You will be asked to change your password.
Next, we setup a new environment. You have the choice of preproduction and production.
You need to “enable chaos” for your environment. This will generate a YML file that you deploy.
Name your chaose environment.
Scope the access of the chaos monkey.
Deploy your infrastructure. Download the YML file.
Run the YML file in your cluster:
kubectl apply -f <filename.yml>
Your environment should show to be connected.

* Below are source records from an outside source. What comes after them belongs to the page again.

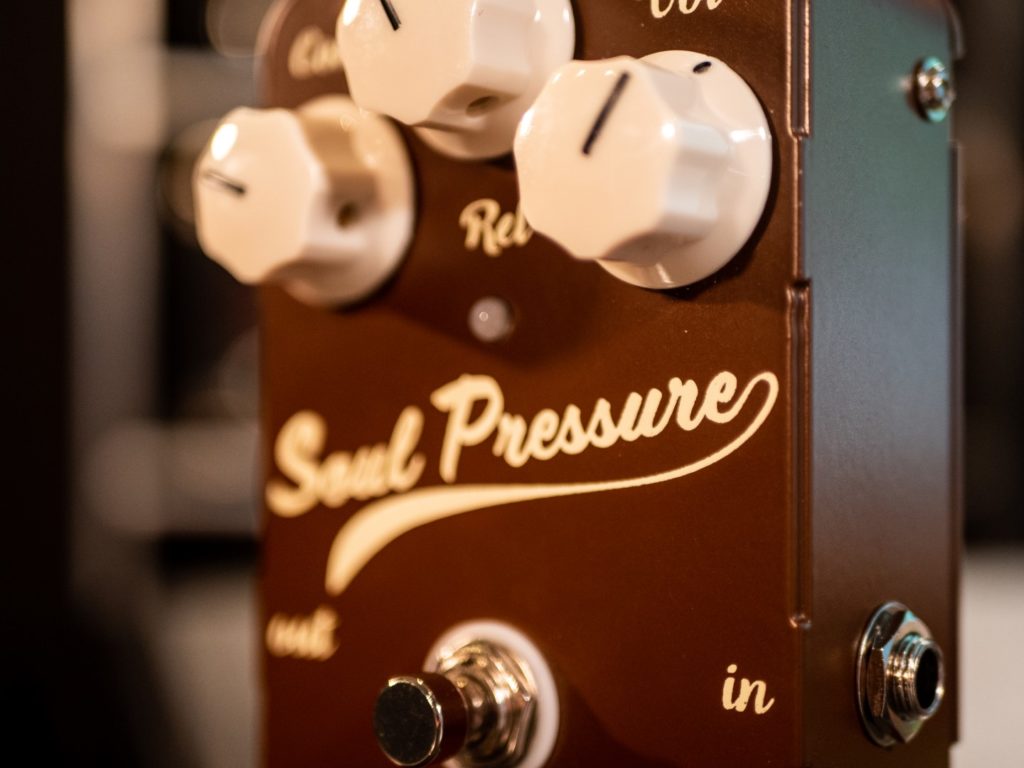 Pur facendo “glue”, il Soul Pressure mantiene una certa dinamica, segno che il circuito è stato studiato per avere una risposta molto musicale, quindi con tempi di attacco non velocissimi come ad esempio un compressore FET, ma più lenti, calibrati sul tipo di transiente della chitarra.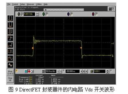 圖8和圖9示出了封裝寄生效應(yīng)對(duì)SO-8 MOSFET和DirectFET VRM的開(kāi)關(guān)性能的影響。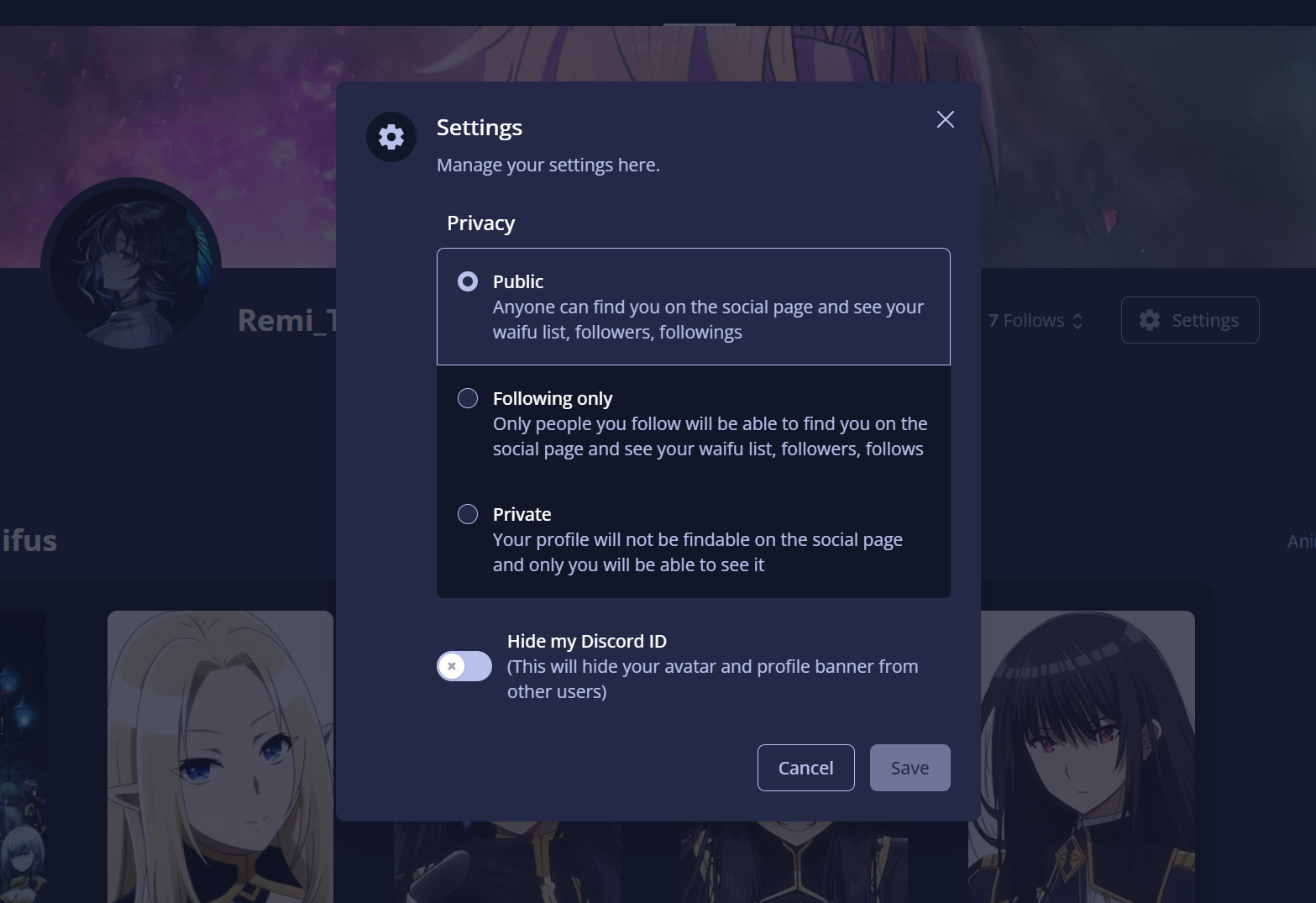 Creation of a platform where you can create and share your waifus list.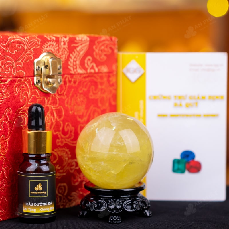 - Trọn bộ sản phẩm bao gồm: quả cầu + 01 đế gỗ + hộp đựng sang trọng + túi giấy sang trọng + dầu dưỡng đá + thiệp + giấy kiểm định chất lượng đá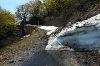 | 2023年04月23日のお山めぐりは旧山古志村の金倉山です。 宇都宮を4時少しに出発、佐野で朝食を入れて5時01分にリスタート、北関東道に乗り、堀之内ICを出て、駐車場所の山古志中学校奥の幅広路肩に駐車し、8時28分に出発し、同中学校の北に下り、棚田・養魚池に向かいます。雪解けの路肩に望外の濃い青のキクザキイチゲ、オオバキスミレ、カタクリの集団を見ます。 幅広路肩に駐車 濃い青のキクザキイチゲ ![]() 下る途中の路肩からは今日登る金倉山は青空の下にそびえています。下りきって登り返しにジグザグ道、登り切って右上、そして左上に進んで養魚場脇を通過し右上に道が方向を変えます。 虫亀の集落から左に進んだ路肩右上斜面にはクサボケの鮮やかな赤、フジの白花が咲いています。民家を過ぎて植林帯を通過し、右側の斜面にはオオバキスミレ、白のイカリソウ、カタクリが目に入りました。ここからは遮るもののない舗装路の登り、左に山古志の羽黒山から焼山、右奥に越後三山の白嶺が浮かんでいます。 登ってきたジグザグ道と養魚池群 オオバキスミレ ![]() 左右に展望の舗装路の先は「薬師の陵」と呼ばれる景勝地ですが、帰りに寄ることにして分岐は直進です。舗装路は右へ方向を変え、路肩の斜面にはオオバキスミレ、水色のキクザキイチゲ、エゾエンゴサク、カタクリが次々と出てきます。 薬師の丘から 薬師の陵 ![]() 新潟ナンバーの軽が一台停まっており、左上の斜面に山菜採りらしき人が目に入りました。朝5時の朝食なのでおなかがペコペコ、金倉の棚田の中央部で展望を肴にエネルギー補給の小休憩でザックを置きます。今日の天気は大当たり、SCWでは曇りの予想ですが、頭上は青空でした。 舗装路から右の展望 ランチ場所から越後三山 ![]() リスタートして右上から左上に方向を変えて、金倉の棚田の上部を通過しますが、ここからの展望も秀逸でした。 舗装路には残雪が半分以上を覆い、右に方向を変えて主尾根を北西に横断し、主尾根の北側を南西に進みます。右側斜面にショウジョウバカマ、オオバキスミレ、ダンコウバイ、タムシバ、山桜が咲いています。 金倉の棚田と越後三山方面 除雪未了の金倉林道 ![]() 雪に覆われた舗装林道を進み、10時41分、正面に建物の立つ広場に出ると、右(西)に展望が広がっています。そさくさと撤収、反対側の杉の斜面に付いた登山道に入ります。右に左にジグザグ登り、3箇所雪で倒れた杉の木を跨いでくぐって通過、11時05分に石仏、三角点、大きな展望台のある金倉山に到着でした。 登山口の広場 山頂へ ![]() 展望台からは360度のパノラマですが、遠くは霞んでいました。静止画像と動画をデジカメに収め、お湯を沸かしてフランスパンとミルクティーの軽いランチです。 展望台から ↓守門岳 ↓浅草 ↓越後三山 ![]() 帰路は往路を戻ります。金倉の棚田上部には車が3台、いずれも山菜採りでウドなどの戦果が目に入りました。午後になって少し風が強くなってきました。薬師の陵でパノラマをデジカメに収め、虫亀の集落に入ってすぐに左に進んで小さなピークの諏訪神社へ、2対の狛ちゃんに御挨拶でした。 1年ぶりのタムシバ 三角点と石仏 ![]() おあとは虫亀の集落に戻り、右下の「こばやしや」の看板と建物を見て水平移動、山古志中学校手前で石動神社に寄ってから14時02分に駐車場所到着でした。 駐車場所(1:12)薬師の陵(0:48)金倉山登山口(0:11)山頂(0:09)同登山口(0:43)薬師の陵(0:16)諏訪神社(0:41)石動神社(0:05)駐車場所 所要時間は5時間04分(歩行4時間05分)、展望・スプリングエフェメラル探索のピークハントでした。 |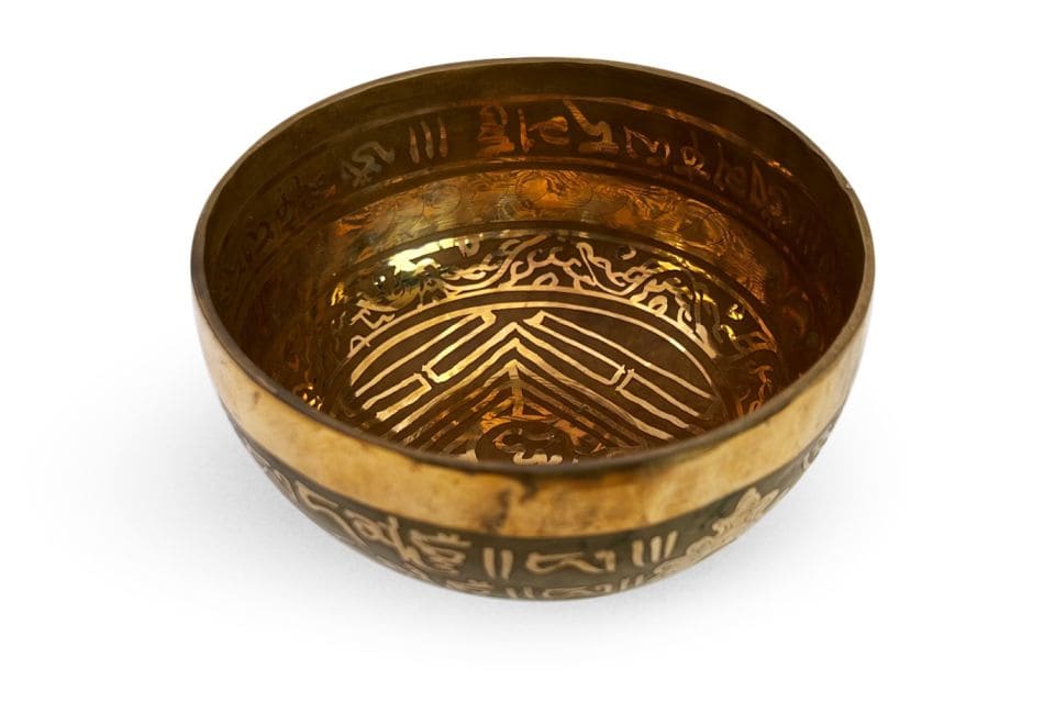 Tibetan singing bowl with carvings - Om - 14cm

Resilience probes are the mechanism it uses to determine the resiliency of your apps and Kubernetes cluster.
Select the probe type.
Name your probe and finish out the wizard.
Creeating your first chaos experiment
The Chaos Experiments menu is where you actually build out the chaos experiment.
The easy path is using Litmus ChaosHub which has ready-made templates to use for testing resiliency. Many good ones here:
- Node CPU hog
- Node memory hog
- Pod CPU hog
- Pod delete
- Pod memory hog
Here I have expanded the Pod CPU hog so you can see the workflow.
You can also add a faults library of different scenarios.
When you run an experiment you will see the results in the dashboard and the resiliency score.
Thats a wrap
I love projects like home lab chaos engineering as I get more into platform engineering and testing resiliency of applications. It is easy to say your app is resilient, but have you tested it? This is a super fun experiment and process to run in the home lab and it is quite a learning project as well. Let me know if you are doing anything like this in the lab and what tools you are using.